● DATA SECTION:

══════════════════════════════

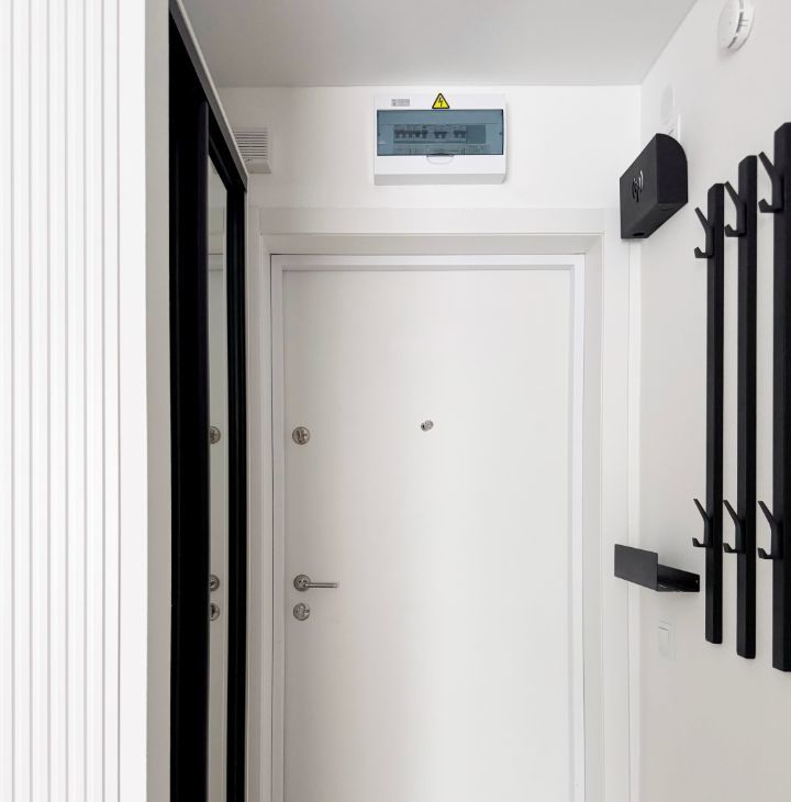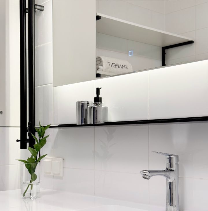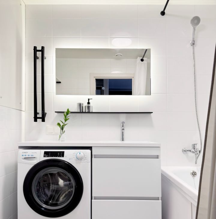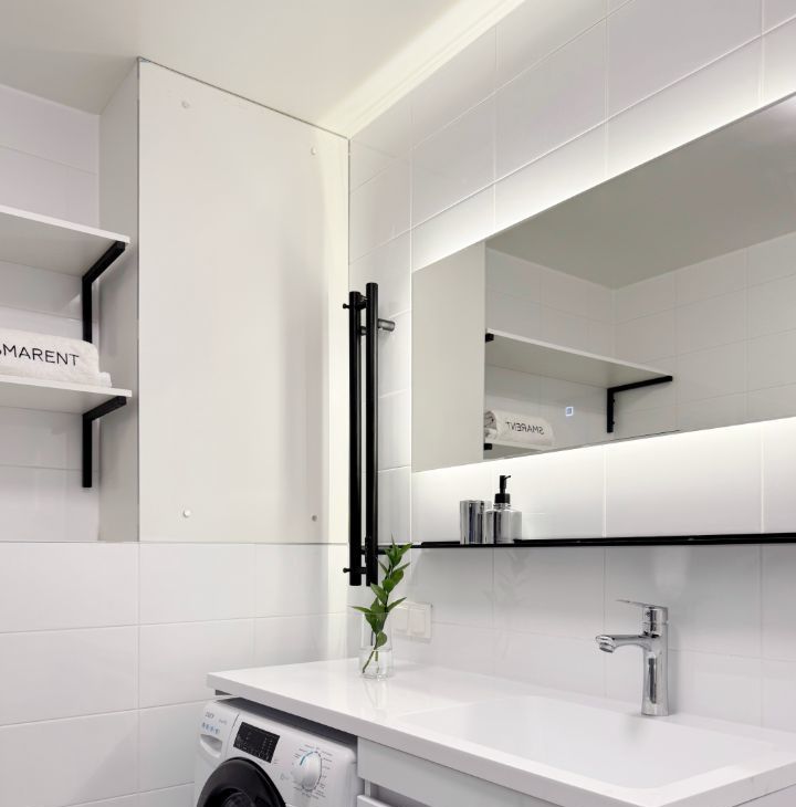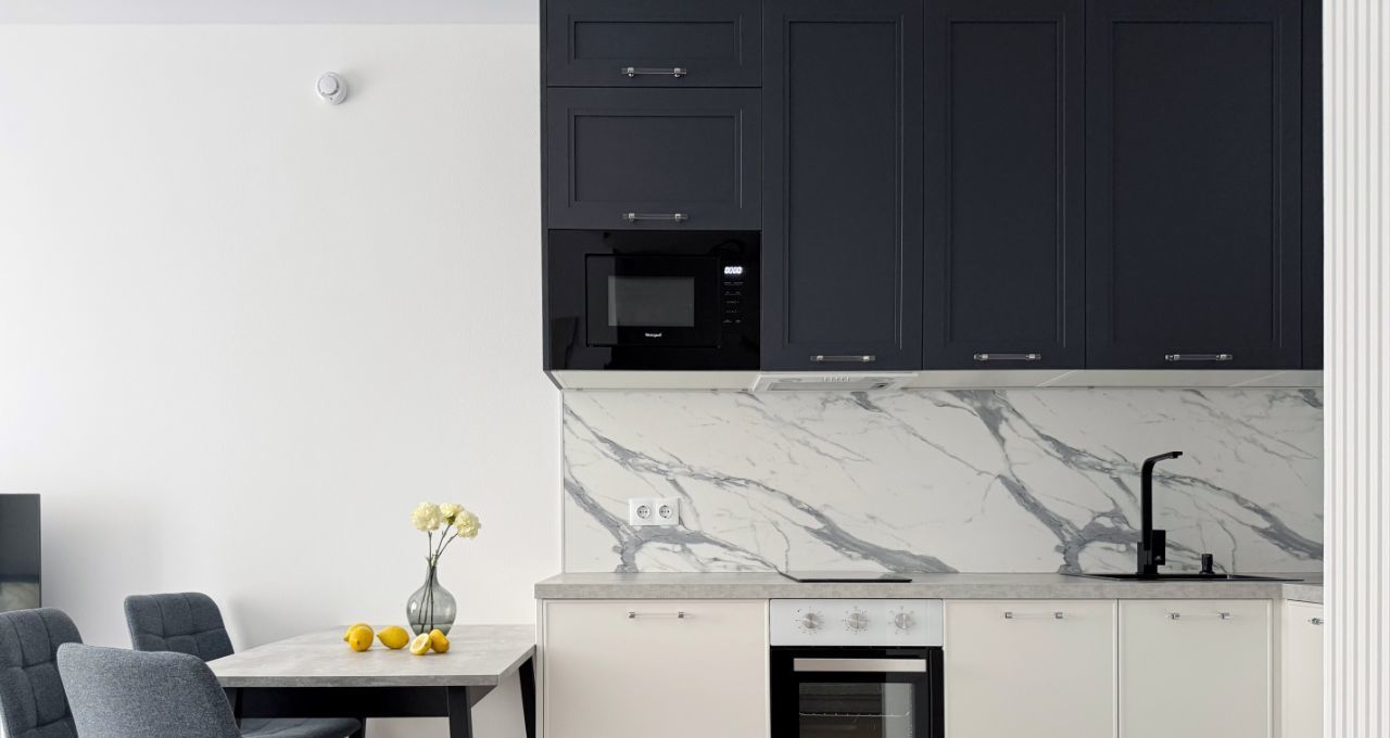 Бытовая техника: стиральная машина, холодильник, духовой шкаф, микроволновка, варочная панель, посудомоечная машина, электрический чайник, телевизор, кондиционер.
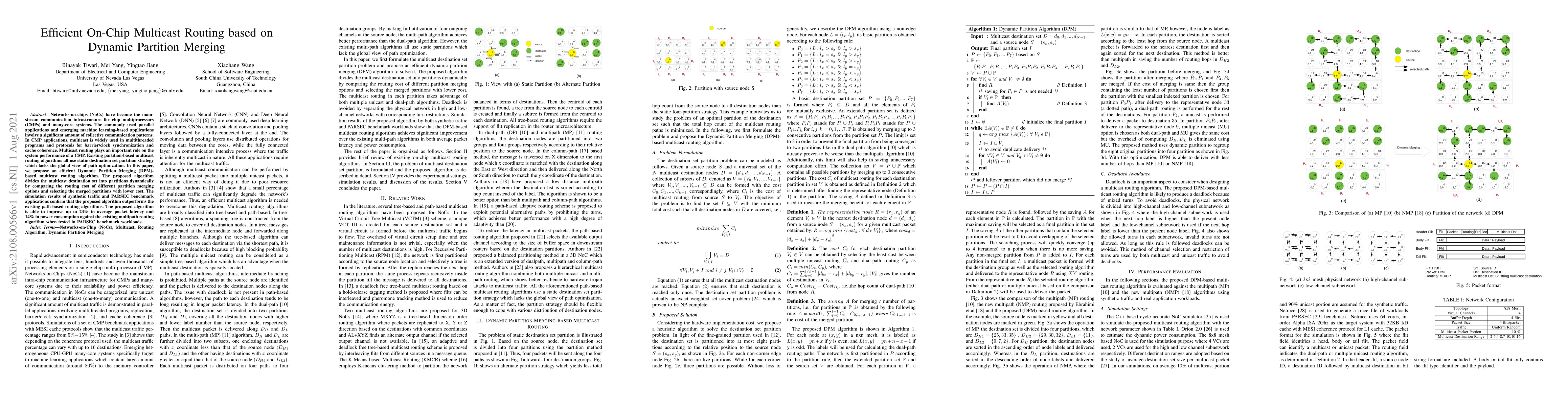 This paper proposes a Dynamic Partition Merging (DPM)-based multicast routing algorithm for Networks-on-chips (NoCs) to optimize system performance in chip multiprocessors. The DPM algorithm dynamically merges partitions to minimize routing cost, achieving up to 23% lower packet latency and 14% lower power consumption compared to existing multipath routing algorithms.
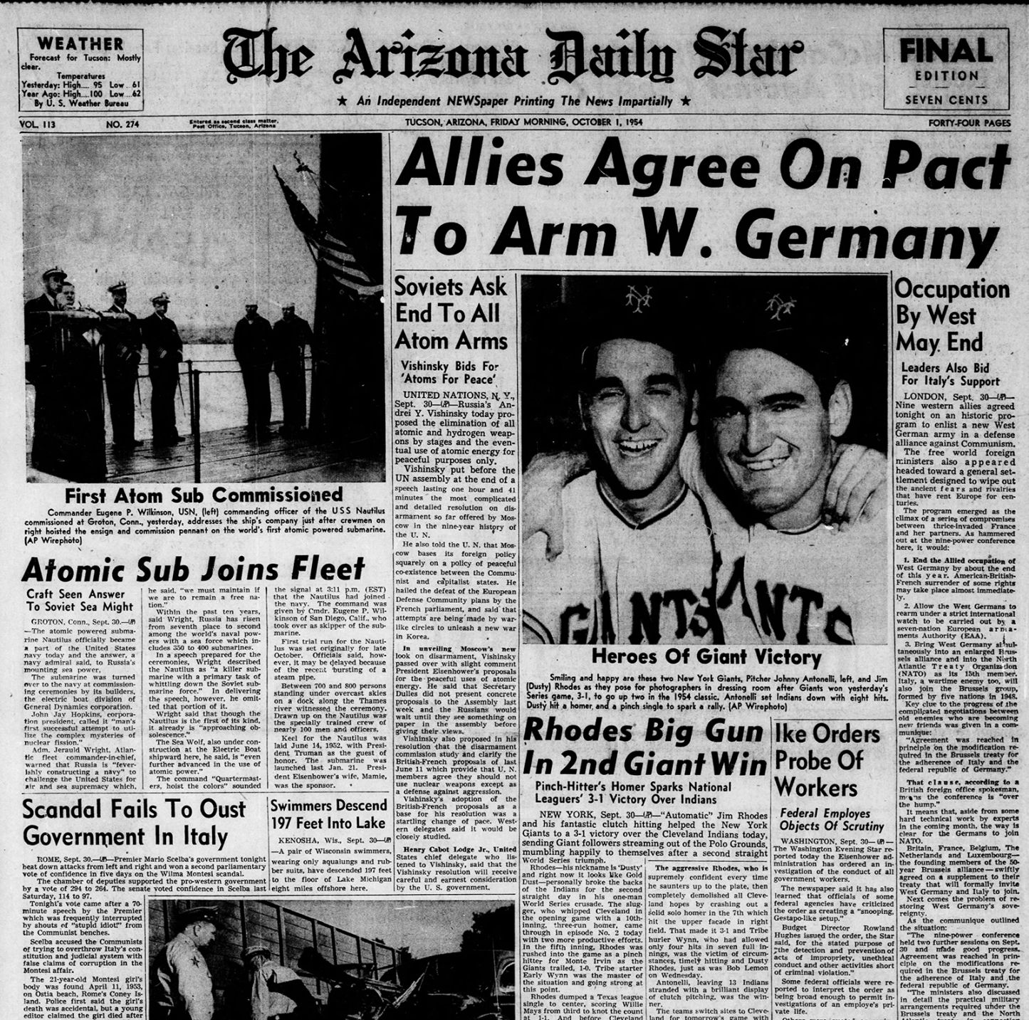 We've collected a few front pages from newspapers.com to give you a look at some Oct. 1 papers in history. With a subscription to newspapers.com you can search the Arizona Daily Star and many other newspapers using keywords or dates, and download articles or pages.

══════════════════════════════

● EXERCISE INSTRUCTIONS:
Set down exactly, from the line that contains "This paper proposes" through the last line of the data, each line as it stands, and leave the pictures out.

● YOUR SOLUTION:
 This paper proposes a Dynamic Partition Merging (DPM)-based multicast routing algorithm for Networks-on-chips (NoCs) to optimize system performance in chip multiprocessors. The DPM algorithm dynamically merges partitions to minimize routing cost, achieving up to 23% lower packet latency and 14% lower power consumption compared to existing multipath routing algorithms.
 We've collected a few front pages from newspapers.com to give you a look at some Oct. 1 papers in history. With a subscription to newspapers.com you can search the Arizona Daily Star and many other newspapers using keywords or dates, and download articles or pages.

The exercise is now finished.